Monochelus pulcher

Scientific classification
- Kingdom: Animalia
- Phylum: Arthropoda
- Class: Insecta
- Order: Coleoptera
- Suborder: Polyphaga
- Infraorder: Scarabaeiformia
- Family: Scarabaeidae
- Genus: Monochelus
- Species: M. pulcher
- Binomial name: Monochelus pulcher Péringuey, 1885

= Monochelus pulcher =

- Genus: Monochelus
- Species: pulcher
- Authority: Péringuey, 1885

Species of beetle

Monochelus pulcher is a species of beetle of the family Scarabaeidae. It is found in South Africa (North West).

== Description ==
Adults reach a length of about 7.5 mm. They are black, with the elytra testaceous red and the antennae rufescent (with the club black). The head is very rugose and the pronotum has a longitudinal, not much raised and rounded costate carina and a shallow, but somewhat broad furrow on each side, which, like the two median furrows are filled with yellow scales, the median carina is impunctate.

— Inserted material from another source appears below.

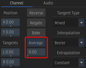 Average removes jitter from a jittery animation track. While the Jitter option is used for removing jitter caused by trackers in the Stabilizer, the Average option is used to remove jitter from an animation track. Enter the number of keyframes used to calculate the average in the Curve Value field.

There is also an impunctate longitudinal space on each side of the disk. The scutellum is rugulose and the elytra are deeply and irregularly punctate and rugose laterally, and have a distinct costa in the discoidal part, the intervals on each side of the costa are somewhat deep and broad. The pygidium is black and glabrous and the abdominal segments are also glabrous.